Baptizo é a palavra grega que
dá origem ao termo batismo e significa, na maioria das vezes, imersão. Neste
caso, batismo no Espírito Santo é o mesmo que ser mergulhado nele, estar
totalmente cheio, totalmente tomado.
Quando
vemos o batismo de João, vamos perceber que não era uma prática que ele tenha
inventado, mas era um símbolo adotado pelos judeus de alguns séculos antes,
para iniciar os convertidos ao judaísmo, ou seja os prosélitos. Este símbolo
era como uma purificação, mas os cristãos o adotaram para simbolizar a morte
para o mundo e a vida para Deus, como o sepultamento e a ressureição.
Batismo
no Espírito Santo, hoje é um assunto muito pacífico na maioria dos grupos
evangélicos, pois não é mais encarado por esses como um desvio doutrinário, mas
apenas como diferença na interpretação.
Quanto
ao Batismo de fogo, vemos algo muito interessante nas Escrituras, pois fogo
simboliza purificação, neste caso, se queremos ser de fato preparados para que
Cristo passe por nós como num caminho, ou que nós sejamos sua morada,
precisamos ser purificados (Ap 3.18). Assim João descreve a ação do Messias: “Com
a pá que tem na mão, ele vai separar o trigo da palha. Guardará o trigo no seu
depósito, mas queimará a palha no fogo que nunca se apaga”. (Lucas 3.17)
A
Palavra de Deus nos compara muitas vezes ao plantio de trigo, e neste caso de
Lucas, João Batista nos dá uma preciosa informação, Jesus é capaz de nos
purificar de todas as impurezas, ou mais, nos tira o que não nos é necessário.
Tanto
a palha como o grão fazem parte do trigo enquanto planta, mas somente o grão em
si será utilizado, então o que devemos entender, é que se temos coisas para
deixar e não conseguimos, então somente o Senhor Jesus poderá separar de nós,
como alguém que escolhe os grãos em meio à bagunça e mistura.

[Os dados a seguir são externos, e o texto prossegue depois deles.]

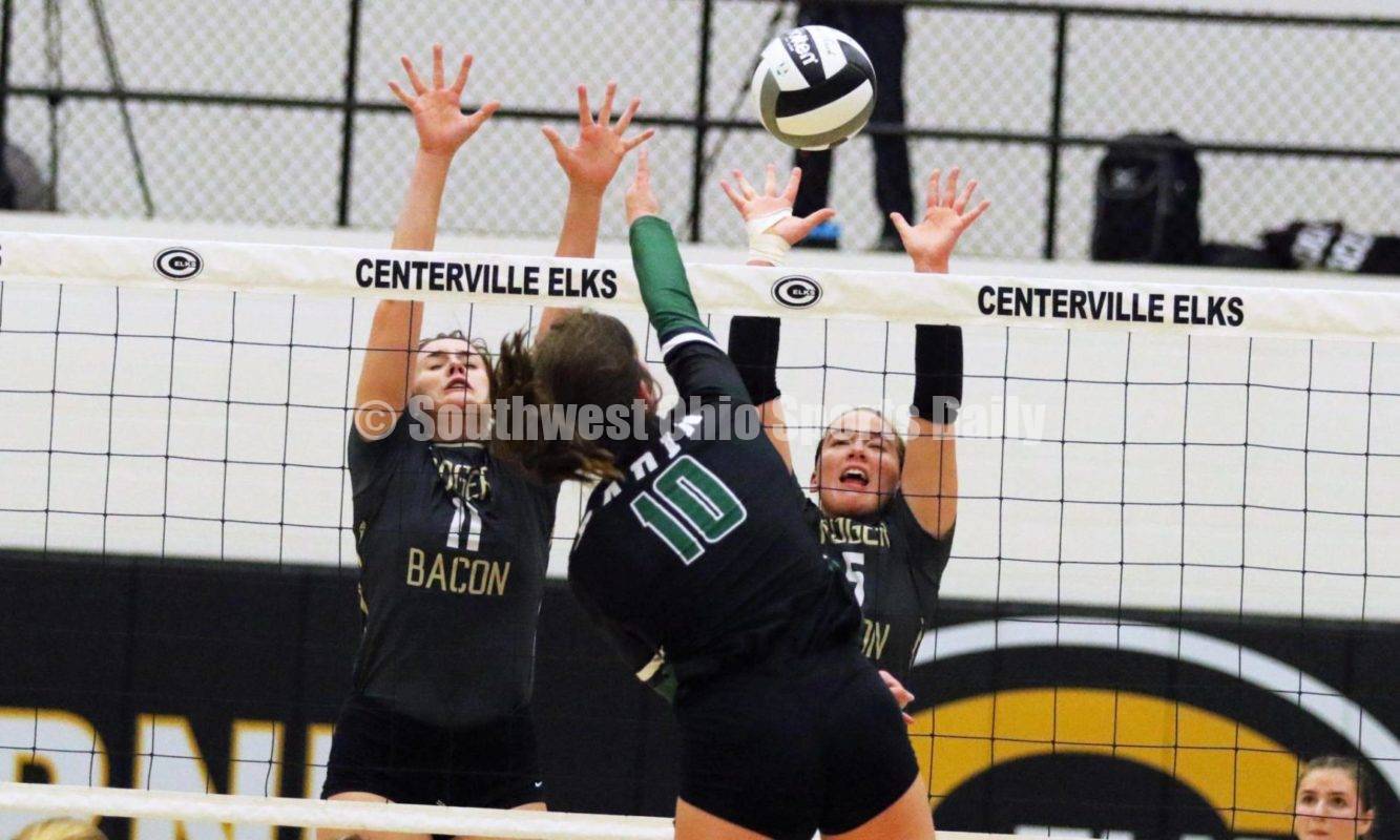 Badin High School's Lauren Trusock (10) sends a shot toward Roger Bacon's Abbie Schneider (11) and Grace Wilking (5) on Nov. 5, 2020, during a Division II regional girls volleyball semifinal at Centerville. Bacon won 34-36, 25-21, 25-23, 25-23. RICK CASSANO/STAFF

Jesus quer nos
purificar com o seu fogo e para isso devemos ser inteiramente envoltos, já que
batismo é imersão, batismo no fogo deve nos “mergulhar” nas chamas de Jesus.
Muitos
de nós, somente deixaram partes do corpo passarem pelo fogo, mas quando ia
pegar nossos pecados mais ocultos ou como dizem alguns, de estimação, então
saíram da presença de Jesus, ao que preciso dizer que quando Jesus fizer seu
julgamento final, tudo o que não for separado será queimado, assim como a
palha, mas desta vez, para sempre e então não haverá mais aproveitamento algum.
Temos
a oportunidade de sermos separados por Jesus, e na linguagem bíblica, isso
chama-se santificação, por isso, quero encorajar a você a buscar de todo o seu
coração a santidade, a purificação de Jesus e mais, isso é uma batalha diária,
durará enquanto existirmos. Batismo com fogo é uma purificação diária,
diferente do Batismo do Espírito e do batismo na água que acontecem apenas uma
vez, batismo com fogo é um estado perene do discípulo de Jesus.
Busque
este preparo e será feliz!!!
CONCLUSÃO
Na
busca pelo céu, morar com Jesus na eternidade, há somente um segredo, nos
humilharmos à condição que nos encontramos, a de pecadores, dependentes da
graça e misericórdia de Jesus. Após entendermos isso, ficará fácil de nos
mantermos numa posição humilde, de renúncia do pecado e o mais importante é que
não estamos sozinhos, mas Cristo está disposto a nos ajudar, sendo através de
sua Palavra poderosa ou até mesmo na sua purificação ou santificação.